Scenario:
Source table: Glue Data Catalog table study crawled from MySQL with columns:
- id (int),
- code (varchar),
- desc (varchar)
- and 2 other columns not used in the job.
Target table: Amazon Redshift table dim_study with columns:
- id_pk (int; identity, primary key),
- original_id (int),
- code (varchar),
- desc (varchar),
- inserted_on (timestamp default getdate()),
- updated_on (timestamp default null)
After setting up the Data Source, I added a Change Schema step to map the source and target columns (id to original_id, code to code and desc to desc), change names, drop those not used. The data preview looks fine, it only displays 3 columns, with the target names as headers.
Then I set up the target node, Redshift, pointing to the dimension table.
Access type: Direct connection.
Handling method: MERGE data into target table.
Choose keys and simple actions: Matching keys original_id (as in target)
Set up performance and security.
When I run the job, it throws this ERROR: column "original_id" is of type integer but expression is of type character varying.
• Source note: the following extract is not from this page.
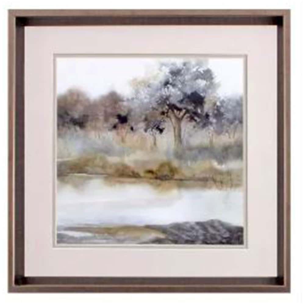 Landscape print that is double matted and framed under glass with a metallic bronze frame.

Hint: You will need to rewrite or cast the expression.
Note: If I change the handling method to APPEND, it works fine, BUT it doesn't fill the inserted_on column, which has a default GETDATE() value.
So I need to solve 2 issues: what is causing the type mismatch, and why the timestamp column is filling up with NULL values instead of current datetime (I suspect because the data source has only 3 columns).